Atender a las necesidades de nuestros seres más queridos debiera ser una de nuestras más sagradas prioridades. El apóstol Pablo llega a situar nuestro deber de atender a nuestra familia por encima de nuestra profesión de fe. Lo dice de la manera siguiente: «Porque si alguno no provee para los suyos y mayormente para los de su casa, ha negado la fe y es peor que un incrédulo» (1 Tim. 5: 8).

El apóstol Juan nos revela un detalle más sobre el tierno amor que llenaba el corazón de Jesús, siempre atento a las necesidades de su entorno. Clavado ya en la cruz, a punto de agonizar, nos deja un último y conmovedor testimonio de su ternura filial. Jesús sabía que María, su madre, se quedaba, legalmente, a la merced de sus familiares más cercanos, de acuerdo con la ley del levirato, según la cual el pariente más próximo tenía la responsabilidad de «redimir» a la viuda, aportándole el apoyo que necesitase (cf. Rut 2: 20; 3: 12).
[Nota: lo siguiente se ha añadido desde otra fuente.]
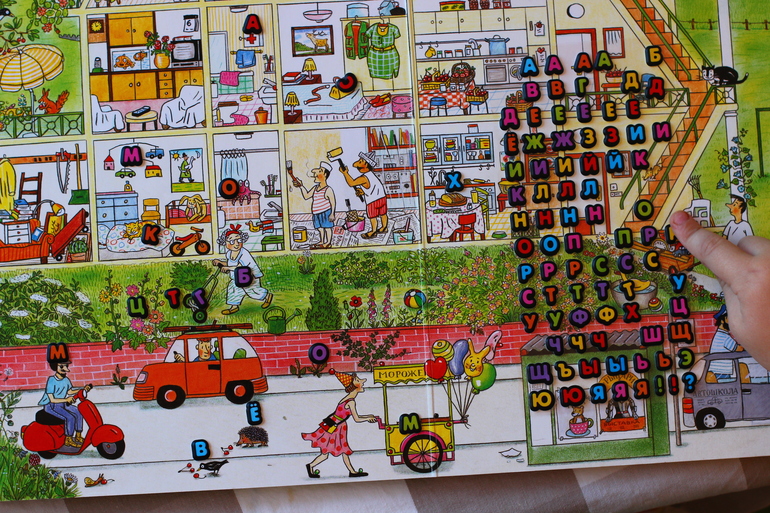 Что я запомнила за эти годы (а значит это, яркое, действительно было интересным и полезным)- наклейки! Есть у нас виммельбухи, которые Кирилл рассматривал, были и наклейки- буквы и появилась простая игра: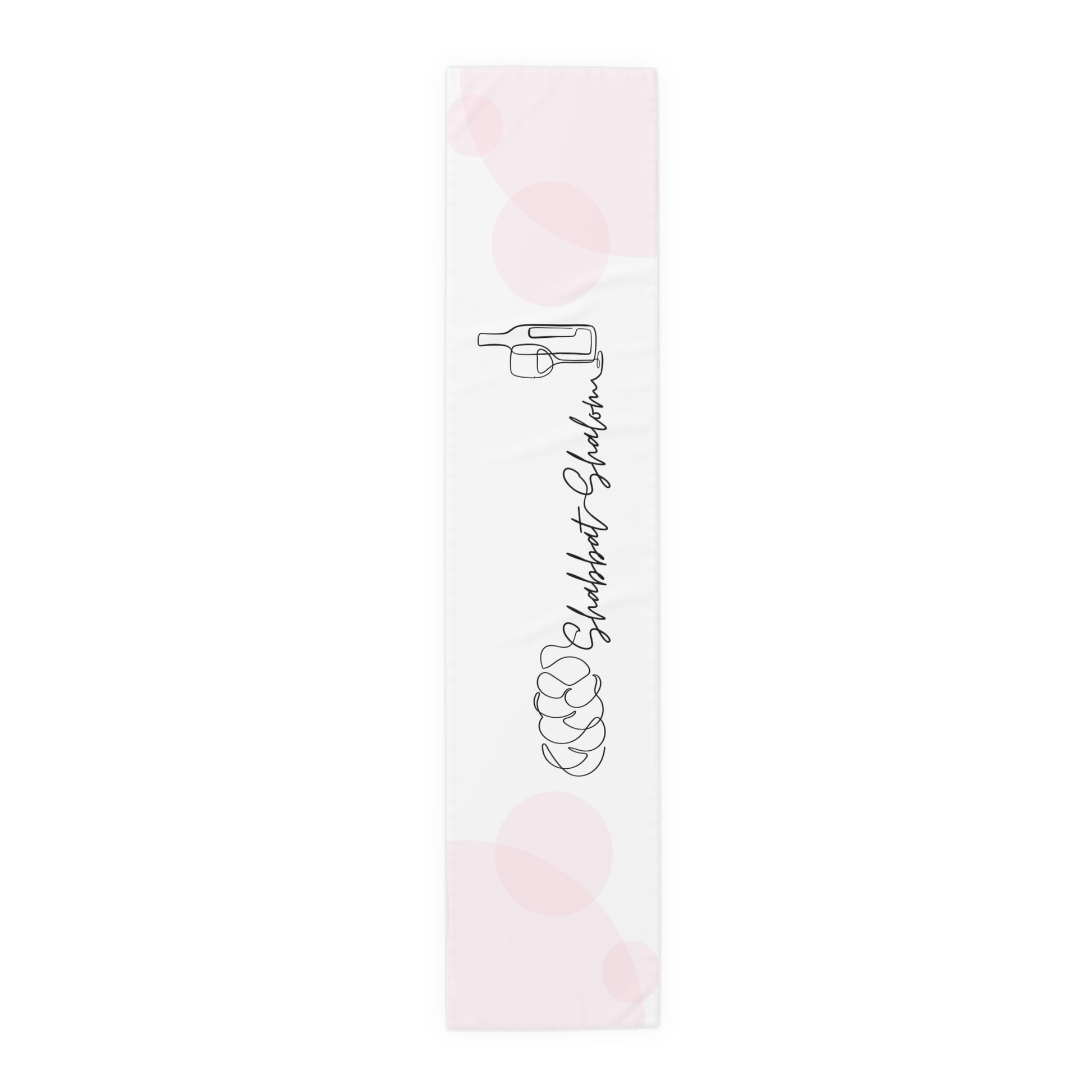Shabbat Table Runner With Shabbat Shalom Caption - Pink Circles

Pero Jesús sabe también que su entorno familiar no ha sido todavía tocado por la luz del evangelio, y desea para su querida madre el mejor hogar de acogida posible. Por eso decide, apoyándose en la fuerza legal de la última voluntad de un moribundo ante testigos, confiar la custodia de María a la persona que le daría sin duda el mejor amparo posible, superior al de su propia familia: su discípulo Juan, allí presente, con el que, sin duda, ya había hablado anteriormente sobre el tema.

¡Qué hermoso ejemplo para nosotros! Conseguir para nuestros mayores el mejor amparo cuando nosotros ya no podemos atenderlos, por las razones que sean. De modo que se sientan atendidos como si fueran de veras su familia.

Conozco hermosos casos de algunos ancianos atendidos por cuidadores que respondieron tan bien a sus necesidades que en el fondo de su corazón hubieran deseado que aquellas personas fueran de veras su familia. Sabían que no lo eran, pero les hacían sentir tan bien, que los «adoptaron» como si fueran sus verdaderos parientes. Estoy seguro de que algo así debió ocurrir entre María y Juan, «el discípulo amado», sin duda también por ella.

¡Qué triste, sin embargo, que muchos tengan que sufrir por no poder recibir de los suyos la atención que necesitan!

Señor, inspírame para saber responder como tú a las necesidades de los míos.